* Instructions for the task
What you return must match the records word for word, except that pictures are dropped.

-- Source data follows --

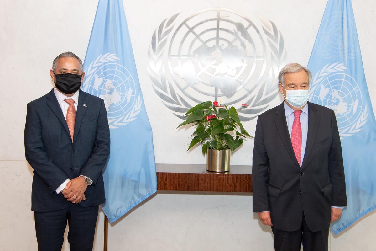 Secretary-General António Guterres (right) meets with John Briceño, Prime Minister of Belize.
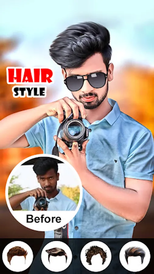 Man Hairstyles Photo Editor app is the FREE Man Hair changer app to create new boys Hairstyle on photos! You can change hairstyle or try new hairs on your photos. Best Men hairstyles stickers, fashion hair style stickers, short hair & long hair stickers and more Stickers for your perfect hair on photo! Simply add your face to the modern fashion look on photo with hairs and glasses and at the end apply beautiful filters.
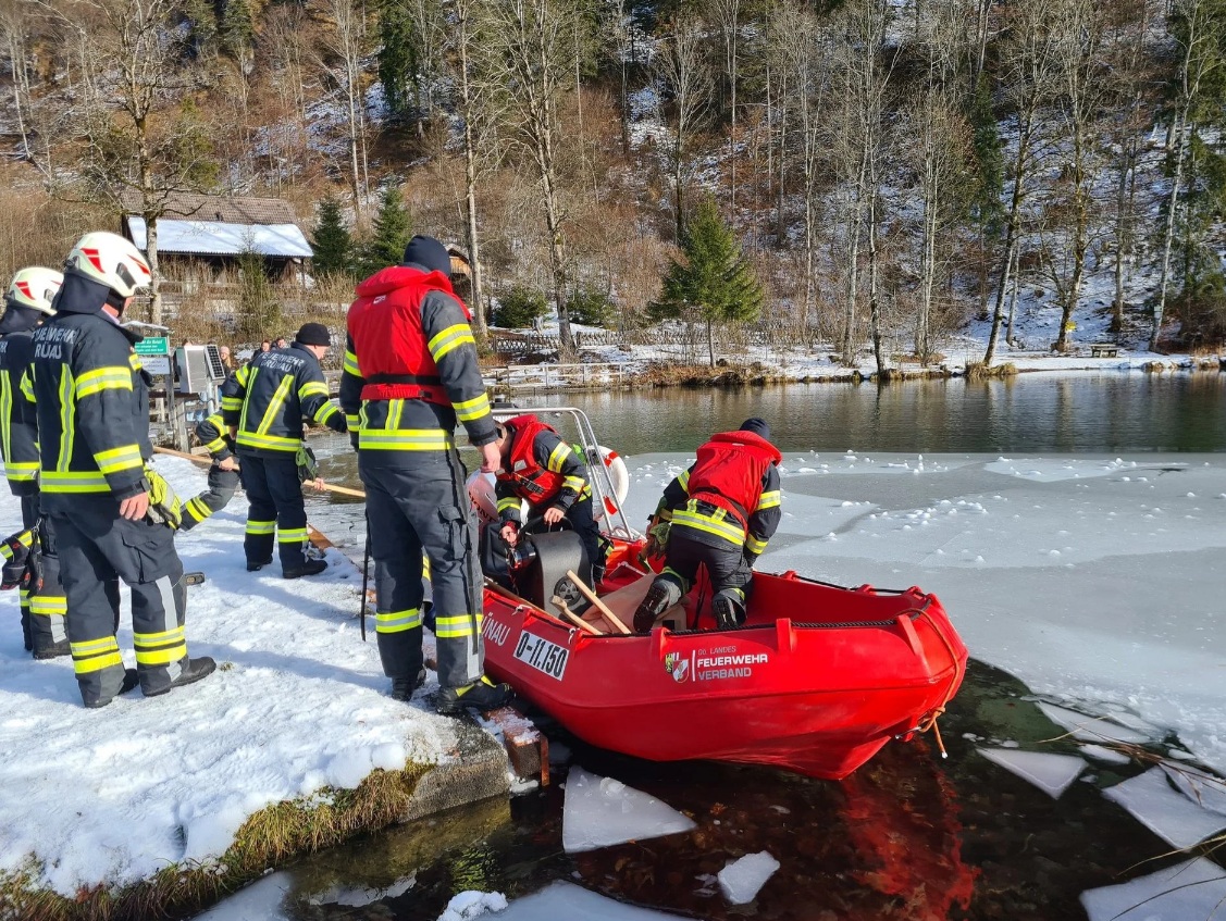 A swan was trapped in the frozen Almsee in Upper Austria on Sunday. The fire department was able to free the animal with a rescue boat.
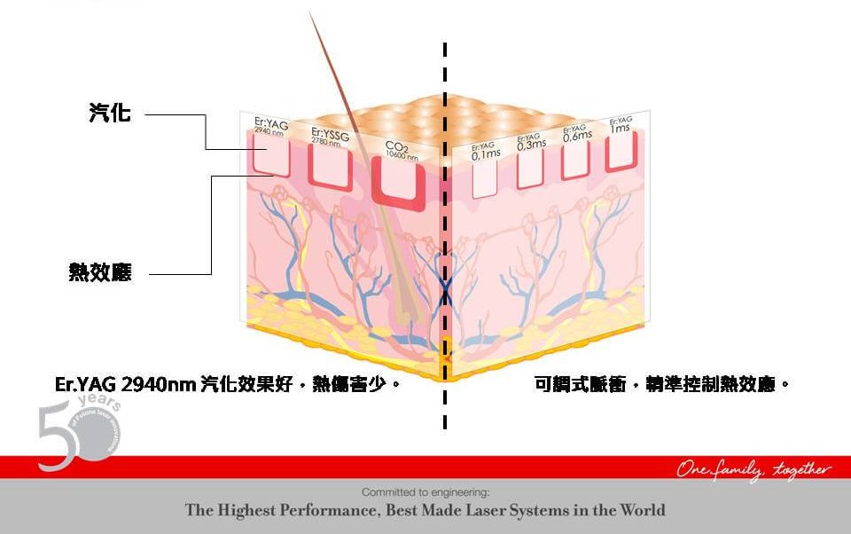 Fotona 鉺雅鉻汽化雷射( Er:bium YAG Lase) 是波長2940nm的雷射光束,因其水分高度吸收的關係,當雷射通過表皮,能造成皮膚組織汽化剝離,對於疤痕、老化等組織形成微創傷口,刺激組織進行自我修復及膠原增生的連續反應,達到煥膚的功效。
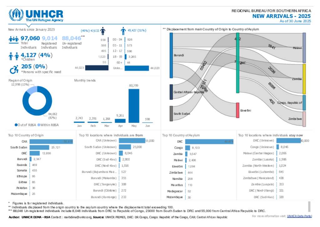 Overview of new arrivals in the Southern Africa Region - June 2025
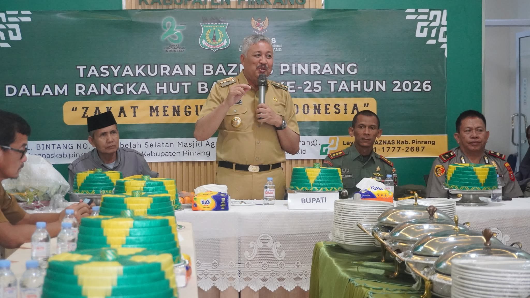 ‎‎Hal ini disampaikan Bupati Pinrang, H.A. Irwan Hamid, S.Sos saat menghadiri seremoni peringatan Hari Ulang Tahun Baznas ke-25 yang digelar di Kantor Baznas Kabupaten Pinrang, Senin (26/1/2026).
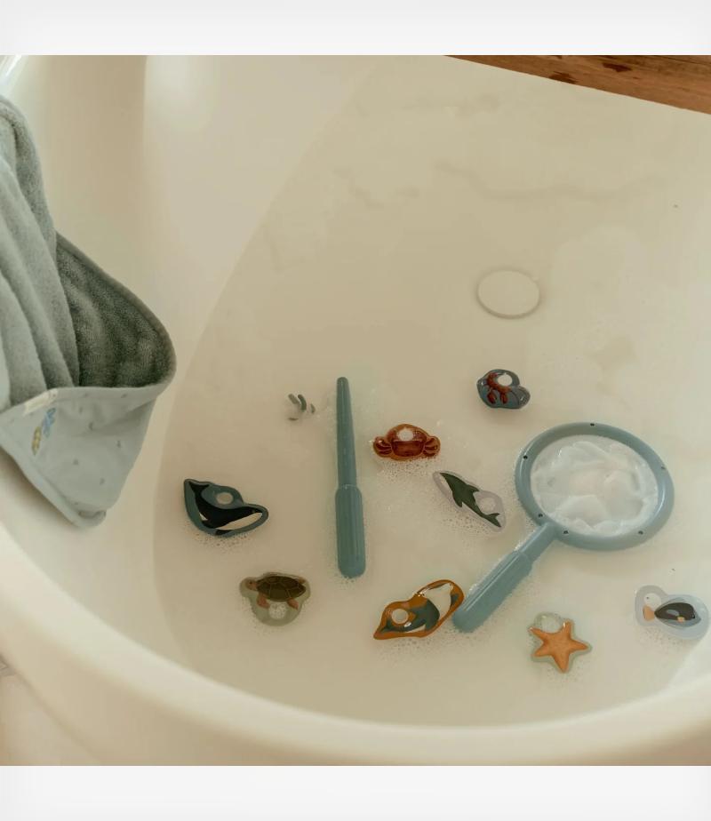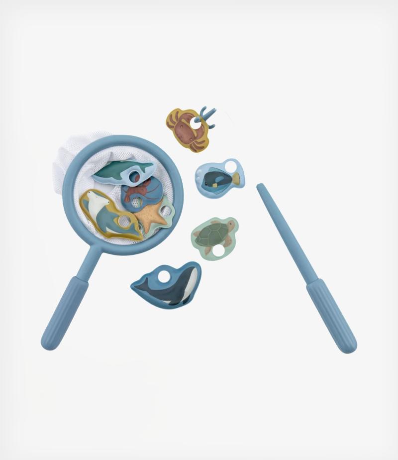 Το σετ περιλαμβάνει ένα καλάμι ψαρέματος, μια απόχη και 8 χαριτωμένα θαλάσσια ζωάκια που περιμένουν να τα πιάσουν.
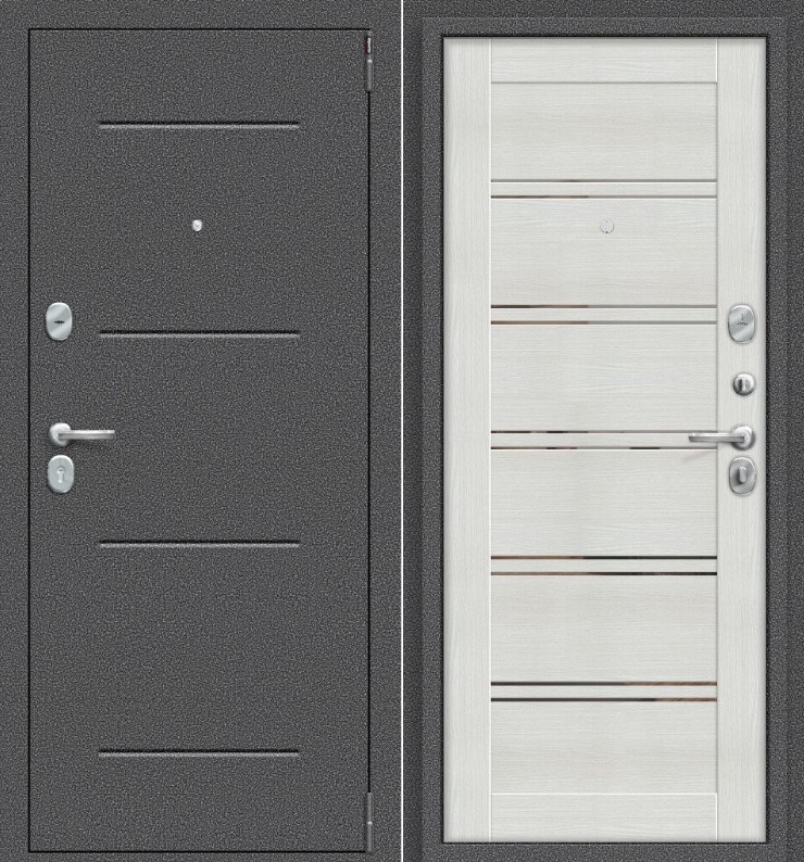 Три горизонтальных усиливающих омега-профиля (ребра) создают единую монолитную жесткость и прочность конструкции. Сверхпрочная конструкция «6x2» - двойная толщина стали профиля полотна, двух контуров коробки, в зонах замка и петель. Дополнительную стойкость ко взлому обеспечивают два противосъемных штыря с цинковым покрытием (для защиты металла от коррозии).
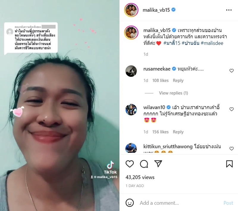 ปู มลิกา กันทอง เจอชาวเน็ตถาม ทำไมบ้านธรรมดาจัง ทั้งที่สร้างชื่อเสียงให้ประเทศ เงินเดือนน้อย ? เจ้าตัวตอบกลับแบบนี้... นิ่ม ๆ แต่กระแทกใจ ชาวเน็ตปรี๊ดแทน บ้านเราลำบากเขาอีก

-- Source data concluded --

* Written answer
 Secretary-General António Guterres (right) meets with John Briceño, Prime Minister of Belize.
 Man Hairstyles Photo Editor app is the FREE Man Hair changer app to create new boys Hairstyle on photos! You can change hairstyle or try new hairs on your photos. Best Men hairstyles stickers, fashion hair style stickers, short hair & long hair stickers and more Stickers for your perfect hair on photo! Simply add your face to the modern fashion look on photo with hairs and glasses and at the end apply beautiful filters.
 A swan was trapped in the frozen Almsee in Upper Austria on Sunday. The fire department was able to free the animal with a rescue boat.
 Fotona 鉺雅鉻汽化雷射( Er:bium YAG Lase) 是波長2940nm的雷射光束,因其水分高度吸收的關係,當雷射通過表皮,能造成皮膚組織汽化剝離,對於疤痕、老化等組織形成微創傷口,刺激組織進行自我修復及膠原增生的連續反應,達到煥膚的功效。
 Overview of new arrivals in the Southern Africa Region - June 2025
 ‎‎Hal ini disampaikan Bupati Pinrang, H.A. Irwan Hamid, S.Sos saat menghadiri seremoni peringatan Hari Ulang Tahun Baznas ke-25 yang digelar di Kantor Baznas Kabupaten Pinrang, Senin (26/1/2026).
 Το σετ περιλαμβάνει ένα καλάμι ψαρέματος, μια απόχη και 8 χαριτωμένα θαλάσσια ζωάκια που περιμένουν να τα πιάσουν.
 Три горизонтальных усиливающих омега-профиля (ребра) создают единую монолитную жесткость и прочность конструкции. Сверхпрочная конструкция «6x2» - двойная толщина стали профиля полотна, двух контуров коробки, в зонах замка и петель. Дополнительную стойкость ко взлому обеспечивают два противосъемных штыря с цинковым покрытием (для защиты металла от коррозии).
 ปู มลิกา กันทอง เจอชาวเน็ตถาม ทำไมบ้านธรรมดาจัง ทั้งที่สร้างชื่อเสียงให้ประเทศ เงินเดือนน้อย ? เจ้าตัวตอบกลับแบบนี้... นิ่ม ๆ แต่กระแทกใจ ชาวเน็ตปรี๊ดแทน บ้านเราลำบากเขาอีก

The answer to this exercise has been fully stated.